I have checked your articles. Great work! and I wanted to thank you for the tips you provide us with.
Now I need your advise on something-related to orchids of course.
The thing is that more than a year and a half ago I bought two orchid plants (Phaleonopsis) from a flower shop in St Petersburg, Russia.
They were already with flowers so I enjoyed them until after they fell off and then start to notice that the plants after blooming started dying off. One of then definitely dried out. The second one I kind of revived, after repotting (but never change the compost which came with the plant, applying some natural fertilizers for 4 months. My work was rewarded this year – some months ago – when it started developing 1 stem. Nowadays the plant I have has 6 large and 1 small leaf + one small plant with already 4 small leaves (I have read that it’s called KEIKI- a vegetative form of orchid propagation); 2 stems, 10 unopened flowers.
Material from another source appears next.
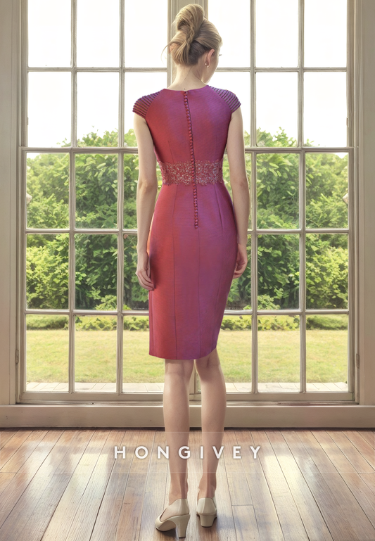 Sheath Scoop Half Sleeves Empire Mother of the Bride Dress

I am very fond of my plant and I am really concerned because: 1st I noticed the roots were rotted and the question is: Do I have to replant it? i’ve read it’s not recommendable…:( ; 2nd, the flowers instead of opening are acquiring the color they are supposed to take when open and mature, but then I see with terror that they are drying off. What should I do? Is there any way to see at least of open.
I live in Russia, so, weather conditions differ from my sunny Cuba where I had 4 types of orchids in my yard. Could you please help me solve this out?